Kim Gi-Dong
- Kim in 2026

Personal information
- Date of birth: 12 January 1972 (age 54)
- Place of birth: Dangjin, Chungnam, South Korea
- Height: 1.71 m (5 ft 7 in)
- Position: Midfielder

Senior career*
- Years: Team / Apps / (Gls)
- 1991 – 1992: POSCO Atoms / 0 / (0)
- 1993 – 2002: Yukong Elephants / Bucheon SK / 198 / (8)
- 2003 – 2011: Pohang Steelers / 186 / (17)
- Total:  / 384 / (25)

International career
- 1996 – 1997: South Korea / 3 / (0)

Managerial career
- 2013 – 2016: South Korea U-23 (Assistant)
- 2016 – 2019: Pohang Steelers (Youth)
- 2019 – 2023: Pohang Steelers
- 2024 –: FC Seoul

= Kim Gi-dong =

South Korean footballer (born 1972)

Kim Gi-Dong (born 12 January 1972) is a South Korean former professional footballer who played as a midfielder.

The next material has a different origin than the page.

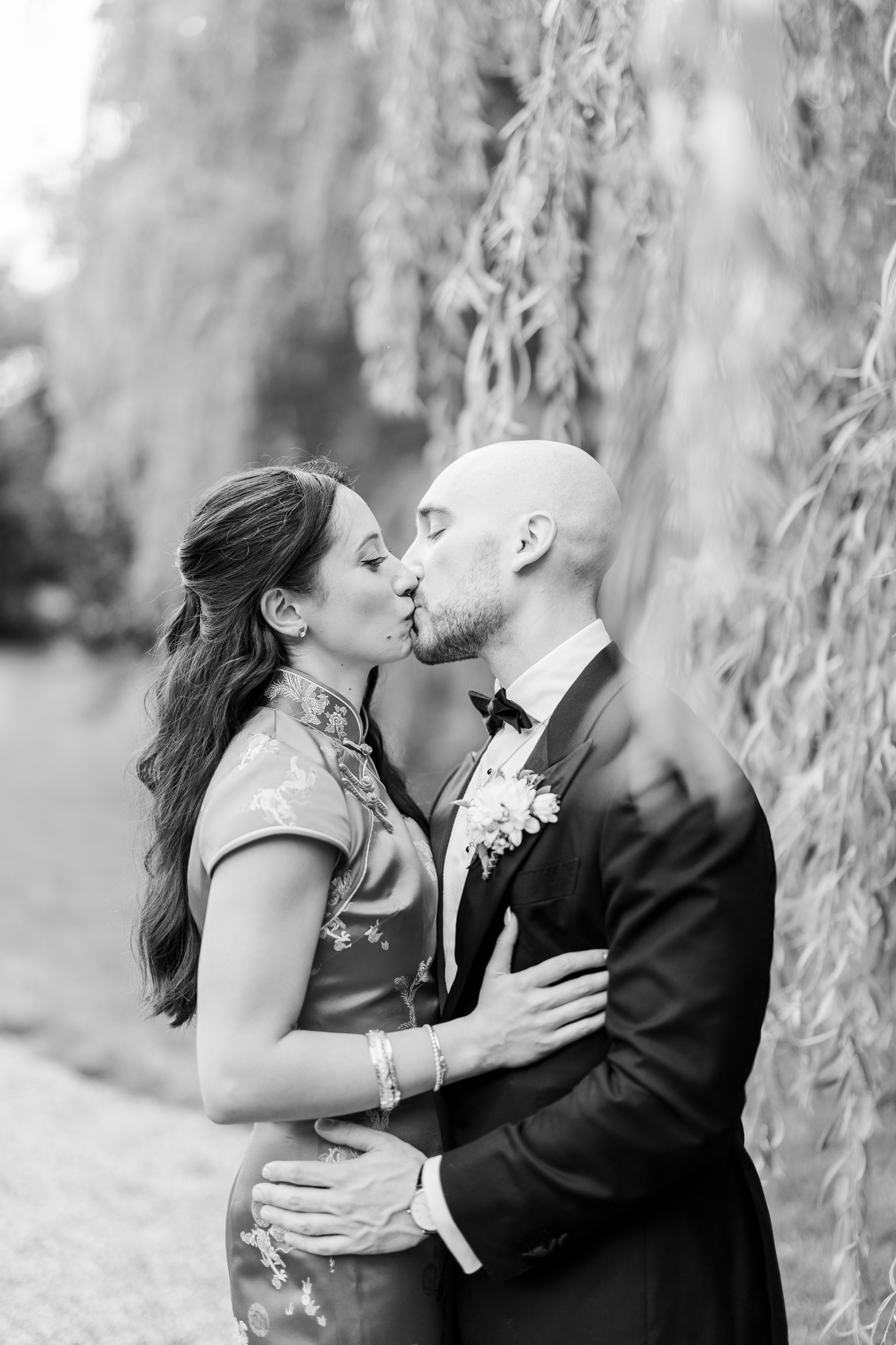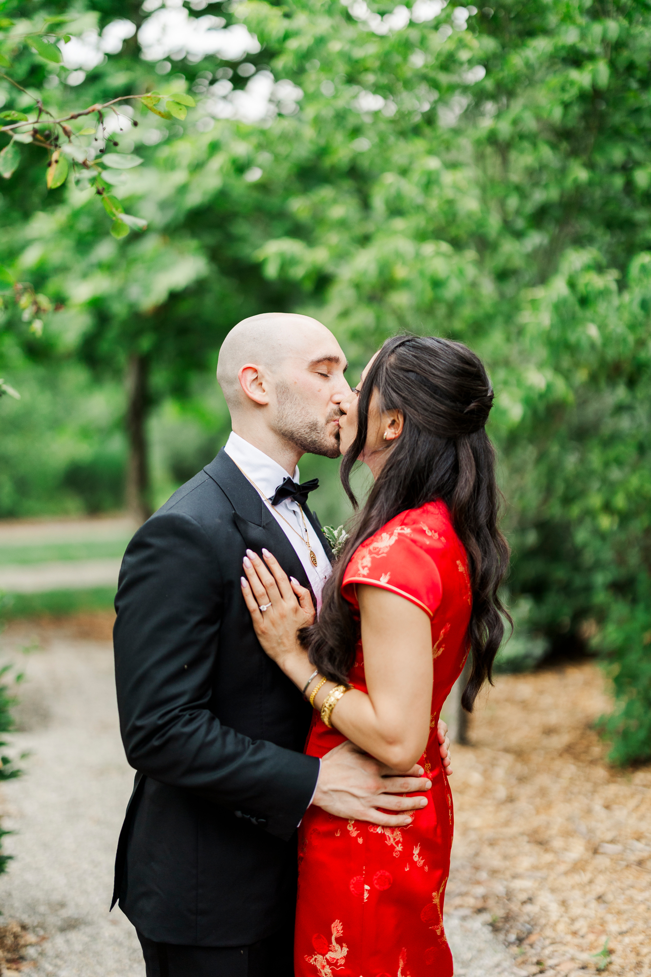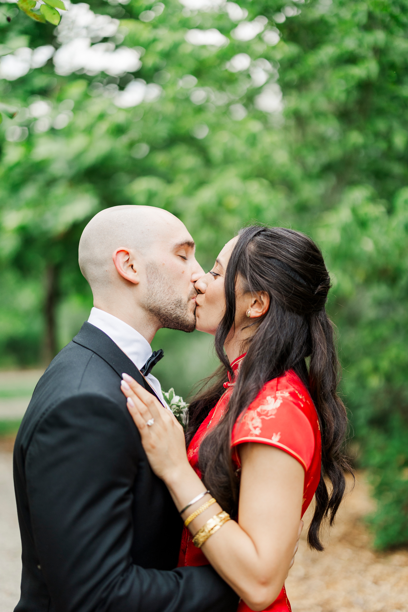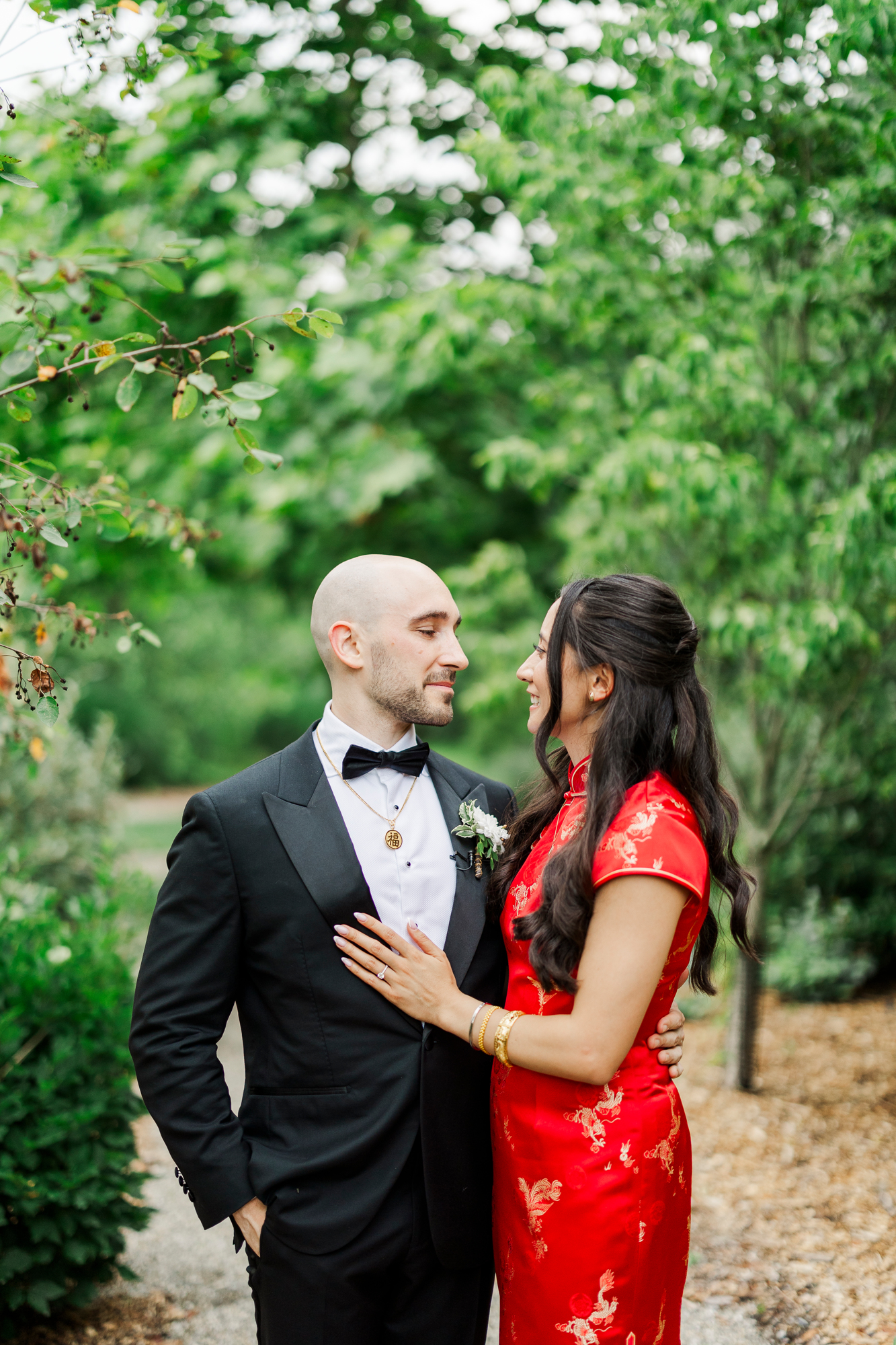 The first look took place in the rain, just outside of the playhouse. We then took the couple outside of the farmhouse for portraits with their umbrella. The rain started to clear up just in time for couples photos within the weeping willow trees. These two then changed for their tea ceremony in the Conservatory.

He is currently a manager of FC Seoul.

Kim was born in Dangjin. In 1991, he debuted as a professional player with Pohang Steelers (then POSCO Atoms) right after his graduation from high school, which was quite unusual then. (Choi Moon-Sik would be a similar case.) He started to appear in the top team matches after joining Yukong Elephants (Bucheon SK after 1996). Bucheon at that time was highly recognized to have a strong midfield under manager Valeri Nepomniachi, and he was a key member.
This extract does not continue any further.